I’d be interested to hear why you think agencies go down this path, and what can be done to fix the problem?

8 thoughts on “Why do so many agencies take on revenue at the expense of profit?

  1. I generally agree, though taking on a brand that might be considered a loss leader could be a smart business move over the long term if it gives the Agency business advantages (e.g. Experience in key category, excellent creative, etc.) Managed well, it could be smart for the longer haul.

    1. Hi Michael, yes it is true that you could see the cost of serving the clients business as an investment in developing expertise and experience. Unfortunately I am not seeing this in most of the cases we are reviewing. In most cases the client was effectively bought with low fees to add to revenue with a vague hope of being able to increase the revenue over time. What do you think Nick?

      1. Hi Michael,
        Darren is right; it's almost a case of the agency thinking "let's just get the win, and we'll deal with the revenue shortfall later". Usually though, once that precedent is set, it's hard to claw back.
        I do agree with you there can be an excellent business case for taking on a loss leader client. The downside is you end up with a whole agency of loss leader clients by treating every new opportunity in that manner (like a shiny new toy), and not knowing when to to say enough is enough.

  2. Surely there is an element to revised remuneration models also being needed? Sure, 'buy' the big name accounts to begin with, but if we're doing our jobs well then we'll be growing their business as well as ours over time and should use this as a win-win opportunity.
    Perhaps the first year's remuneration = breaking even (or making a loss), but subsequent years remunerations = breaking even + performance based incentives partially linked to the agency 'success' (meeting client KPIs) and partially linked to client success (business growth)..
    I know this already happens in some cases but could be much more widespread.

    1. Hi Rebecca, the point is that often the marketers do not realise the agency is making a loss. They believe that the agency would only be accepting or proposing the level of remuneration if they were still making profit. This is what is driving down the perceived cost of advertising.

  3. Hi.
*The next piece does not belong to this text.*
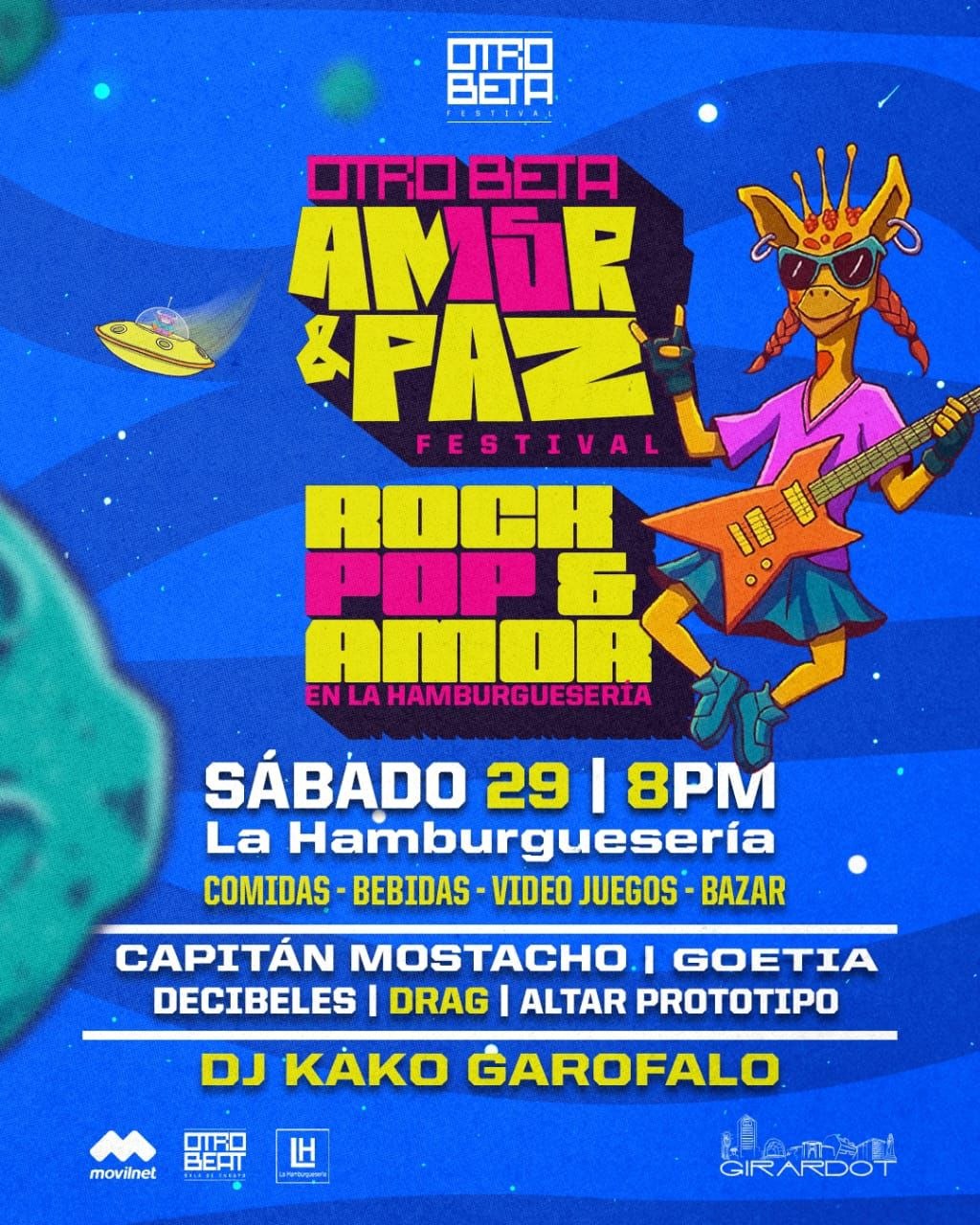 Será el «Rock, pop & amor», a partir de las 8:00 pm en La Hamburguesería. Ese día se presentarán el Capitán Mostacho, Goetia, Decibeles, DRAG y Altar Prototipo. Además, estará como invitado especial el DJ Kako Garofalo.

Generally the reason agencies may drop their pants is:
    1. They fail to do due diligence on a client and get wrapped up in the pitch process, and the 'win'.
    2. They fail to understand their own costs of business, or fail to manage them appropriately, according to the needs of clients on various budgets
    3. They think a 'good brand name' client might attract other clients.
    4. The need to report to head office they are 'winning' business, and report on increasing revenues, forgetting about profit.
    5. The assume existing staff will just work longer hours to fill the void, and therefore 'profit' comes through double-dipping into ancillary head hours rather than into already allocated working hours.
    6. Agencies may take on a client if they give them the creative flexibility to showcase their ideas, and win awards.
    Flexible business arrangements, such as agency profit incentives for client business growth, is a way to take on a low budget client, which may be win-win. Clients however, usually baulk at such arrangements, worried that they may have to share success.

    1. All very good points Daryl. Thanks for the contribution. Nick, what do you think?

      1. Daryl, I think you're spot on, particularly your last point around clients concerned about sharing success and where the incentive payments might be found in their budgets. Advertising & Marketing should not be considered an overhead cost with a fixed budget, but rather a cost of sales, can vary as sales vary.